▶ EXERCISE INSTRUCTIONS
Set down the data below exactly; pictures stay out.

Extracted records
┌──

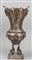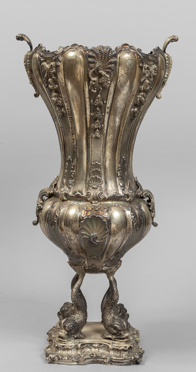 Grande vaso in argento sbalzato sorretto da quattro delfini
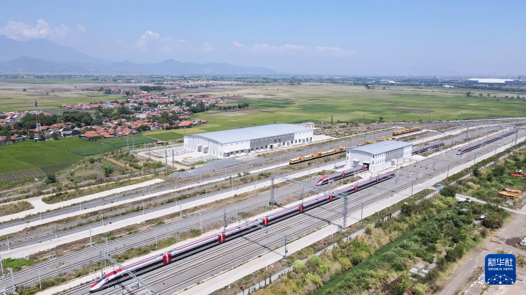 9月13日,在印度尼西亚万隆,雅万高铁动车组列车停靠在德卡鲁尔动车所附近(无人机照片)。
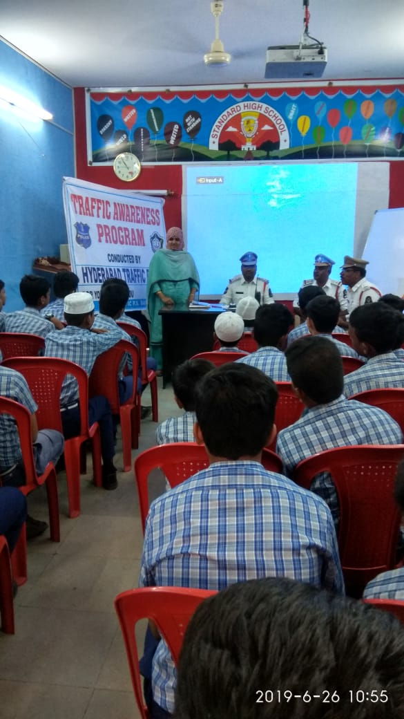 #HYDTPweBringAwareness Tr PS Bhadupura conducted traffic awareness program for school children in Standard High School at Khilwath road.@AddlCPTrHydpic.twitter.com/Hgu5akonjZ
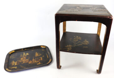CHINE, XXe Bout de canapé en bois naturel laqué rouge sombre et rehaut de dorure
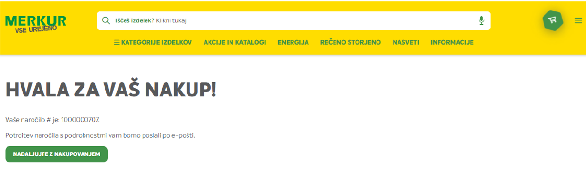 • Po oddaji naročila se prikaže okno »HVALA ZA VAŠ NAKUP!«. Uporabnik oz. kupec po elektronski pošti prejme obvestilo, da je naročilo sprejeto v Spletni center Merkur. Prav tako prejme SMS sporočilo.
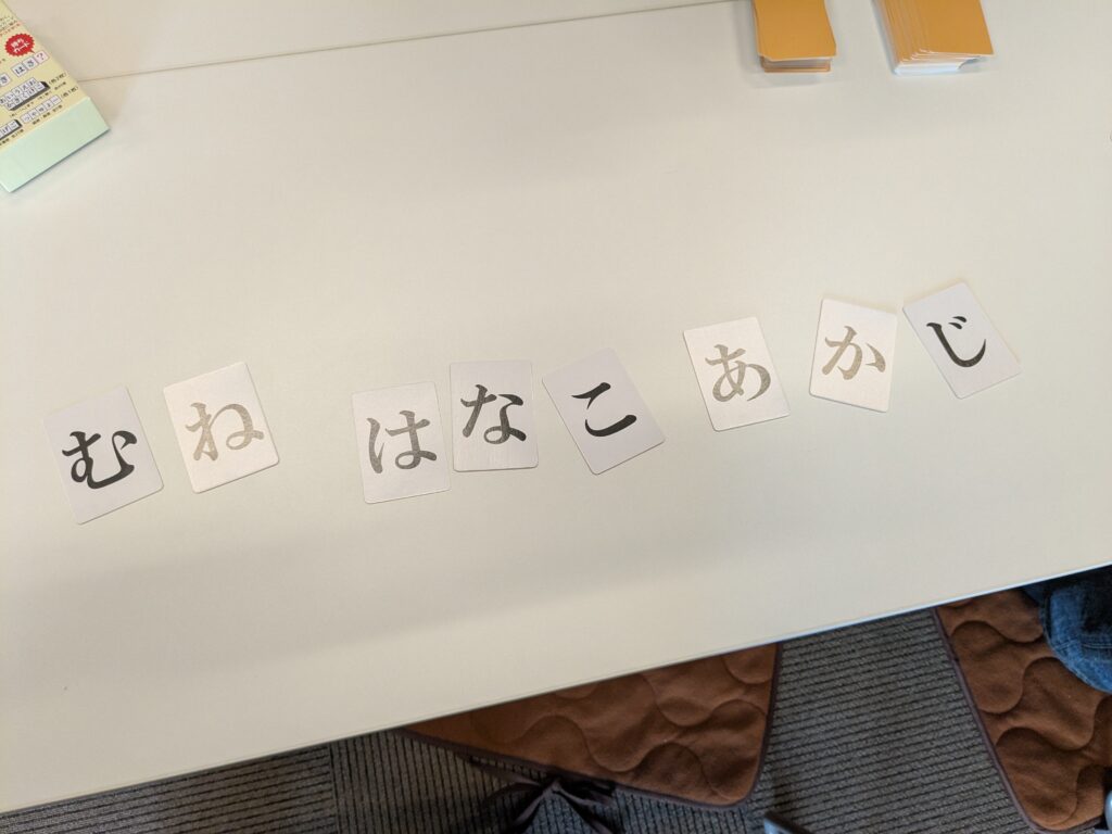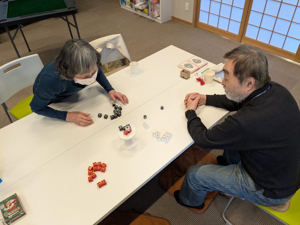 参加者2名と一緒に「ひらがなマージャン」と「バランスゲームDORAGURA」を楽しみました。どちらも簡単そうで頭と手先を使うゲームなので、ハマる人は嵌るかもしれません。
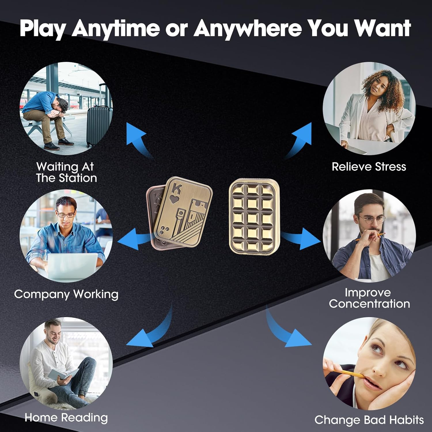 - 【High value Fidget Blocks Set】- There are 2 types of fidget toys, fidget slider/poker push card in 1 set. Metallic Slider have many small upwardly raised squares, as well as built-in anti-friction stickers; Gold K Card Slider have intricate skull carvings on the front of the metal fidget and a poker-style design on the back, all of which have delicate and smooth surfaces, and are of medium weight and size, making them very comfortable to hold.
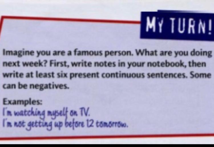 I'm meeting my best friend Andrea at the airport. I'm meeting with the Queen in England.I'm having a rest with Andrea after the meeting in my room in/at а five-star hotel.
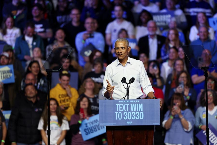 美国前总统奥巴马在费城举行竞选集会,为哈里斯站台拉票
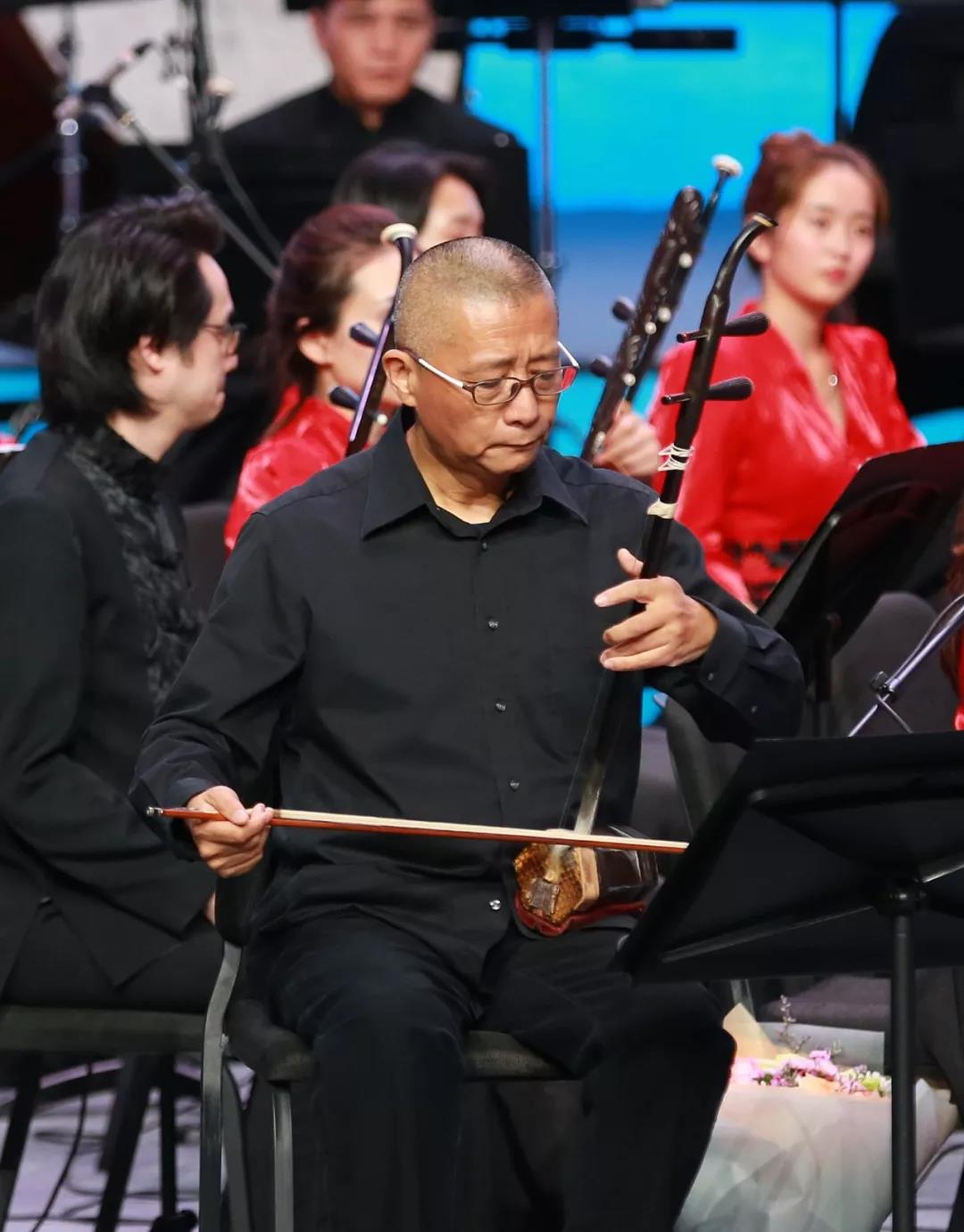 从狮城专程赶来的新加坡华乐团二胡首席赵剑华是闵惠芬的大弟子,他演奏的是老师在重病中创作的二胡与乐队作品《音诗——心曲》。1986年,闵惠芬罹患的黑色素瘤病情恶化,据她回忆,在与病魔抗争的恍惚间,她仿佛看见“蓝色的雾”弥漫整个房间,听见远处飘荡着温暖、圣洁、包含眷恋之情的旋律。醒来之后她挣扎着将那个旋律记录下来,在病床边她和多年的老朋友作曲家瞿春泉商量探讨,共同创作了这首生命之歌《音诗——心曲》,一举荣获“上海之春”音乐创作二等奖。在同年5月的“上海之春”民族音乐专场音乐会上,由大弟子赵剑华演奏二胡,瞿春泉指挥。时隔近30年,已是耳顺之年的赵剑华将此曲献给恩师,弓弦倾情诉说,化作一股热流直击内心,以情动人。恩师受病魔折磨,与命运抗争时,勇敢、坚强而执着的精神在赵剑华的琴声中得以延续。
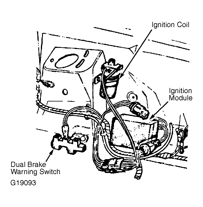 | Microprocessor Control Unit (4-Cyl.) | On left fender apron, next to ignition coil. See Figure. |
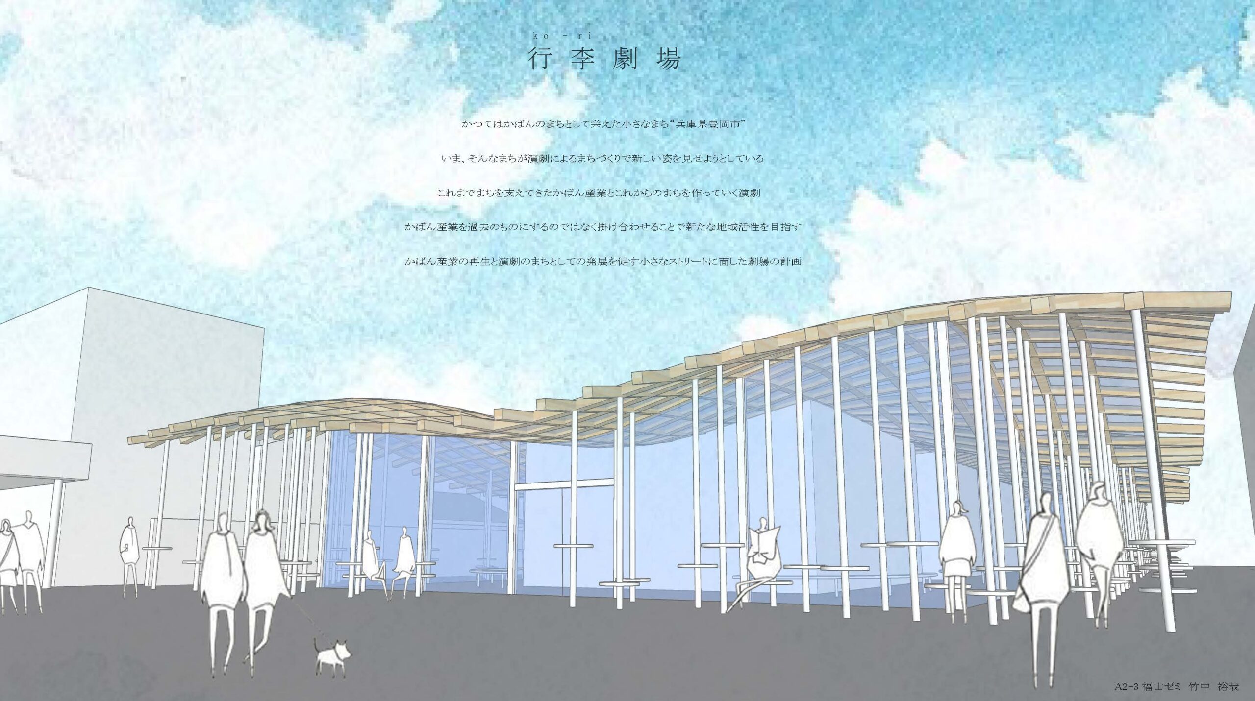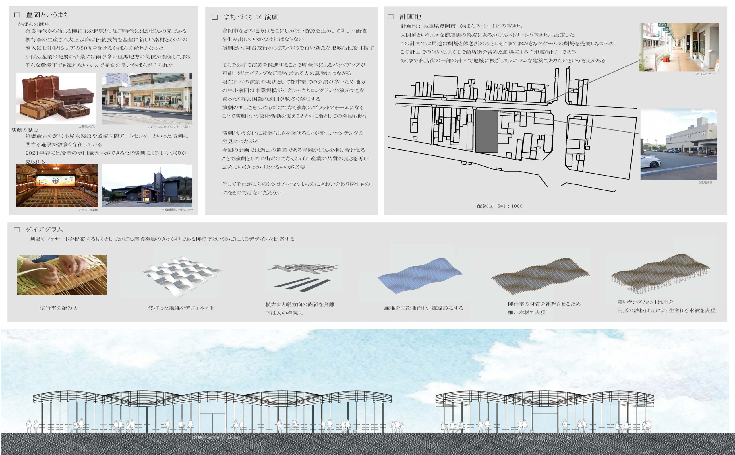 兵庫県の北部にある豊岡市、ここはかつて日本で1番かばんを生産していた町だった。しかし時代の流れに伴い、その認知度と生産量は低下してきている。そんな町が現在、演劇によるまちづくりを推進している。この計画は、そんな豊岡市のかばん産業の復活と演劇の町としての認知の向上のため、カバンストリートと言われる通りに面した小さな劇場の提案である。
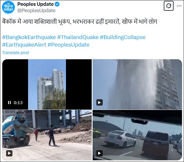 भूकंप के झटकों के कारण बैंकॉक में एक निर्माणाधीन गगनचुंबी इमारत गिर गई, जिससे इलाके में दहशत फैल गई। हालांकि, अब तक किसी बड़े जान-माल के नुकसान की पुष्टि नहीं हुई है। स्थानीय प्रशासन और राहत टीमें स्थिति पर नजर बनाए हुए हैं।

└──

▶ RESULT OF THE TASK
 Grande vaso in argento sbalzato sorretto da quattro delfini
 9月13日,在印度尼西亚万隆,雅万高铁动车组列车停靠在德卡鲁尔动车所附近(无人机照片)。
 #HYDTPweBringAwareness Tr PS Bhadupura conducted traffic awareness program for school children in Standard High School at Khilwath road.@AddlCPTrHydpic.twitter.com/Hgu5akonjZ
CHINE, XXe Bout de canapé en bois naturel laqué rouge sombre et rehaut de dorure
 • Po oddaji naročila se prikaže okno »HVALA ZA VAŠ NAKUP!«. Uporabnik oz. kupec po elektronski pošti prejme obvestilo, da je naročilo sprejeto v Spletni center Merkur. Prav tako prejme SMS sporočilo.
 参加者2名と一緒に「ひらがなマージャン」と「バランスゲームDORAGURA」を楽しみました。どちらも簡単そうで頭と手先を使うゲームなので、ハマる人は嵌るかもしれません。
 - 【High value Fidget Blocks Set】- There are 2 types of fidget toys, fidget slider/poker push card in 1 set. Metallic Slider have many small upwardly raised squares, as well as built-in anti-friction stickers; Gold K Card Slider have intricate skull carvings on the front of the metal fidget and a poker-style design on the back, all of which have delicate and smooth surfaces, and are of medium weight and size, making them very comfortable to hold.
 I'm meeting my best friend Andrea at the airport. I'm meeting with the Queen in England.I'm having a rest with Andrea after the meeting in my room in/at а five-star hotel.
 美国前总统奥巴马在费城举行竞选集会,为哈里斯站台拉票
 从狮城专程赶来的新加坡华乐团二胡首席赵剑华是闵惠芬的大弟子,他演奏的是老师在重病中创作的二胡与乐队作品《音诗——心曲》。1986年,闵惠芬罹患的黑色素瘤病情恶化,据她回忆,在与病魔抗争的恍惚间,她仿佛看见“蓝色的雾”弥漫整个房间,听见远处飘荡着温暖、圣洁、包含眷恋之情的旋律。醒来之后她挣扎着将那个旋律记录下来,在病床边她和多年的老朋友作曲家瞿春泉商量探讨,共同创作了这首生命之歌《音诗——心曲》,一举荣获“上海之春”音乐创作二等奖。在同年5月的“上海之春”民族音乐专场音乐会上,由大弟子赵剑华演奏二胡,瞿春泉指挥。时隔近30年,已是耳顺之年的赵剑华将此曲献给恩师,弓弦倾情诉说,化作一股热流直击内心,以情动人。恩师受病魔折磨,与命运抗争时,勇敢、坚强而执着的精神在赵剑华的琴声中得以延续。
 | Microprocessor Control Unit (4-Cyl.) | On left fender apron, next to ignition coil. See Figure. |
 兵庫県の北部にある豊岡市、ここはかつて日本で1番かばんを生産していた町だった。しかし時代の流れに伴い、その認知度と生産量は低下してきている。そんな町が現在、演劇によるまちづくりを推進している。この計画は、そんな豊岡市のかばん産業の復活と演劇の町としての認知の向上のため、カバンストリートと言われる通りに面した小さな劇場の提案である。
 भूकंप के झटकों के कारण बैंकॉक में एक निर्माणाधीन गगनचुंबी इमारत गिर गई, जिससे इलाके में दहशत फैल गई। हालांकि, अब तक किसी बड़े जान-माल के नुकसान की पुष्टि नहीं हुई है। स्थानीय प्रशासन और राहत टीमें स्थिति पर नजर बनाए हुए हैं।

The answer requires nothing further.